Closing my eyes once again, I sat still. I’m sure I looked earthy in my skirt …. But rather than the beautiful straight-backed posture of the yoga-gurus I envied, I could feel my back bending like a question mark. “Sit tall,” I silently ordered my spine. It refused to cooperate for more than a minute, at which point I would teeter on my pillow like a drunk Buddha.

Attempt #3: Thought onslaught

Yoga slowly helped me train my spine not to cave at the slightest exertion, and I felt ready to try again. My position seemed perfect. I lit my candles and focused on my Buddha, then closed my eyes.

“Did you remember to pay your property taxes?” asked my brain. I imagined a broom sweeping away the question. Then, like that crazy whack-a-gopher game at amusements parks, another popped up. “Isn’t it your turn to prepare snack for soccer practice?” And another. I sighed.

Attempt #4: Giving up — and getting the point

Then I came across the words of meditation teacher Rodney Yee, who advised us neophytes to “just sit.” It’s that simple, he insisted. Give up the expectations. Give up the need for a certain meditation experience.

Really? It flew in the face of my goal-oriented personality. Skeptical, I nonetheless gave it a whirl. And guess what happened?

While I haven’t given up my Type A propensities completely, I nonetheless am now less inclined to let loose with a four-letter expletive. I’ve learned to listen to my body (though it’s prone to complaining). I’m very very slowly learning to simply be in the moment.

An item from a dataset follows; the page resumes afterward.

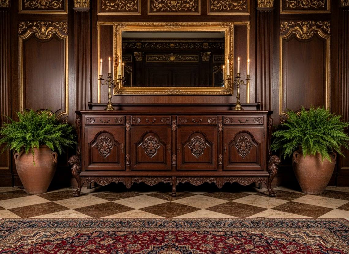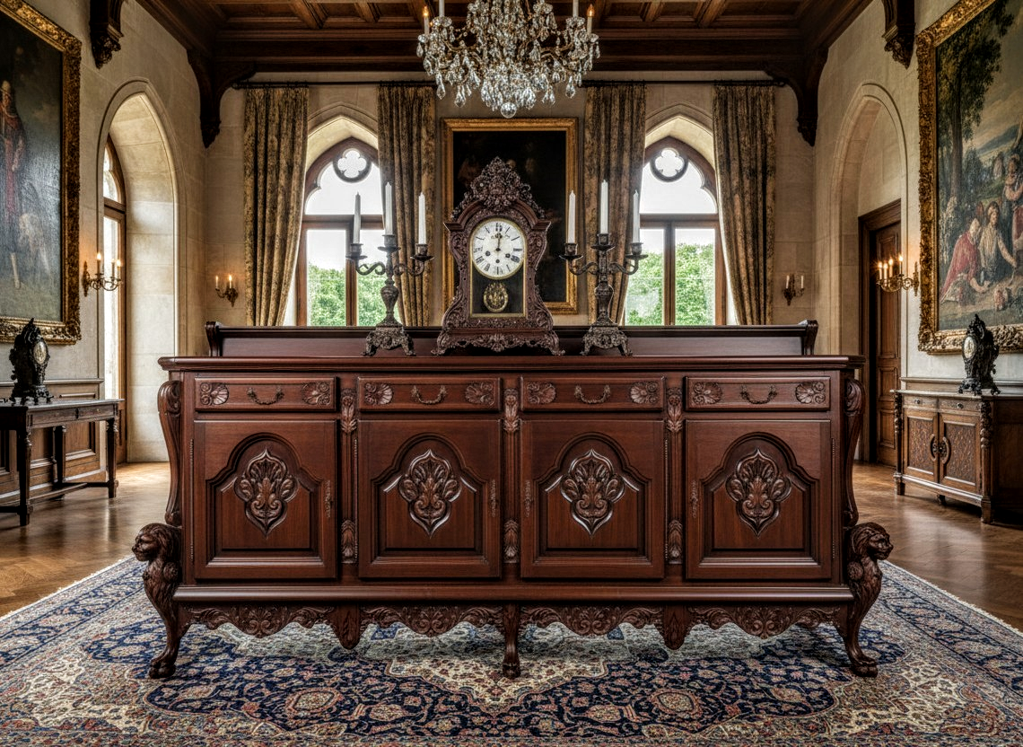 Ez a tálaló egy tekintélyes megjelenésű gazdagon faragott, klasszikus stílusú bútordarab, amelyet leggyakrabban spanyol neoreneszánsz vagy neobarokk stílusúként azonosítanak.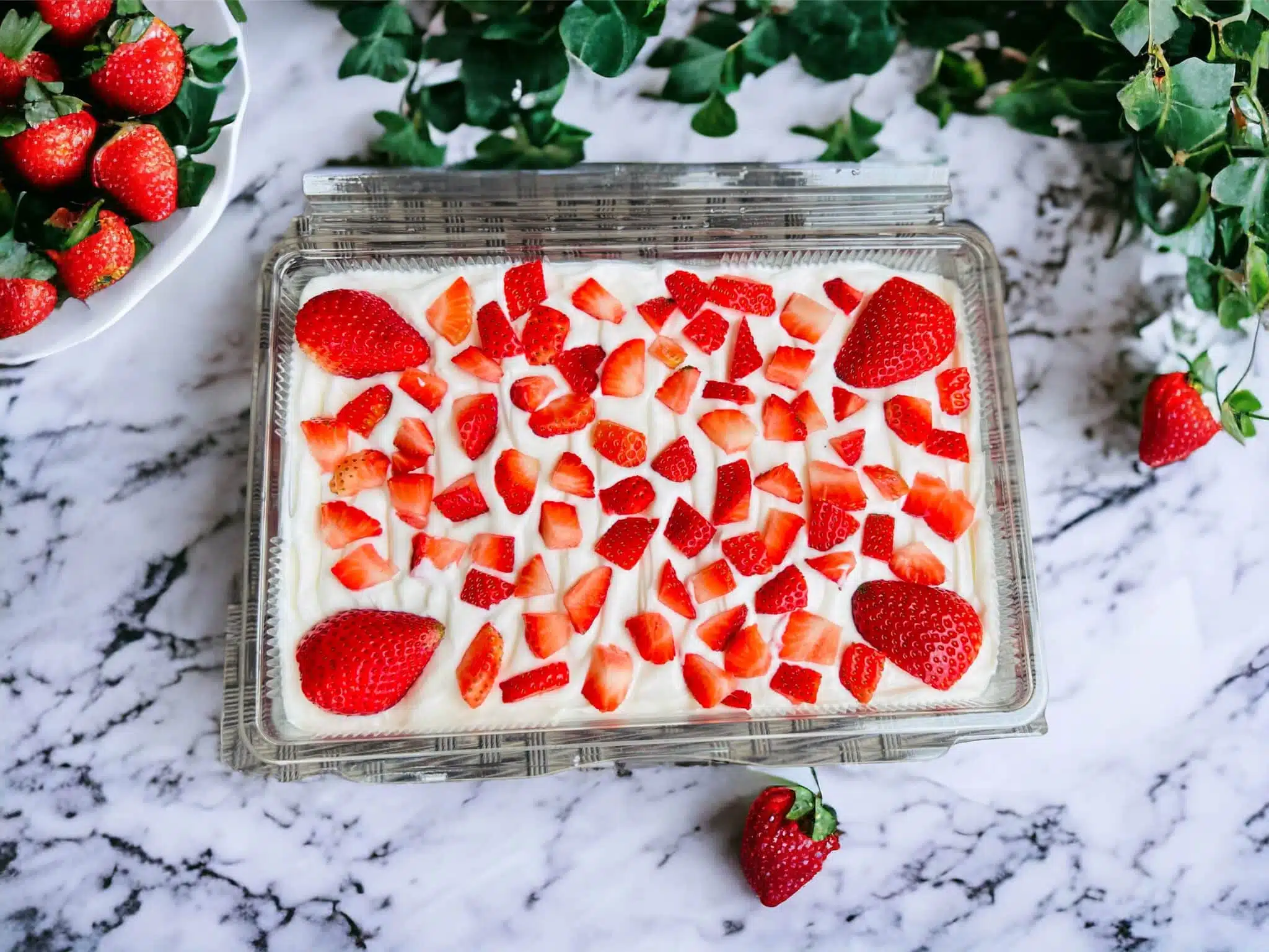 Vanilla cake soaked in 3 different milk, topped with fluffy cream and topped with your preferred topping (strawberry or Caramel)

  1. I found it very helpful to light a candle in a darkened room, stare at the candle for a minute, then close my eyes and try to retain the image in my mind. When the image started to fade, I would bring it back, over and over again. I would do this until the image would eventually disappear. The more you practice this, the easier it becomes to retain the image for longer and longer periods of time. In fact, I can return to the image at will by simply closing my eyes. I found this very helpful in conditioning my mind to “let go.”

    Sue | July 22nd, 2009 | Comment Permalink
  2. I love your article! It sounds so much like me. I am stil trying. The closest that I think I came to truly experiencing what real mediation is like was at the Kalani Wellness Retreat in Hawaii. Thanks

    Gwen | July 22nd, 2009 | Comment Permalink
  3. Many have said that doing meditation is the ultimate exercise in forgiveness-forgiving ourselves for not “succeeding”, for letting our minds wander. The ultimate forgiveness is giving up what was during the last moment, the last meditation…whatever is is fine.

    Eklectica | July 22nd, 2009 | Comment Permalink
  4. I truly enjoyed the way you described your experience finding meditation. You had me laughing out loud!

    I also loved the reminder about ‘just sitting’. I too am a type A and so I so identified with everything needing to be just perfect.

    Thankk you so much for this thoughtful, inspiring and funny article!

    Blessings from Michigan

    Nanette | July 22nd, 2009 | Comment Permalink
  5. Hi,
    I just about cracked up at your blog. you described my own meditation journey very accurately. You are a very amusing writer, and I enjoyed every word.
    I too, have done all those exact things while trying desperately to simmer down.
    The candles, buddha, books, cd’s dvd etc. and so on. Now , after 12 years of trying, I just sit, like you said and DON’T try to clear my head of pop ups, and just let them happen. I have come to the realization, at 56 years old, that we don’t and mustn’t rush ever again. I just love Rodney Yee and I love your blog. Atta girl!! Thanks for such a great and inspiring article.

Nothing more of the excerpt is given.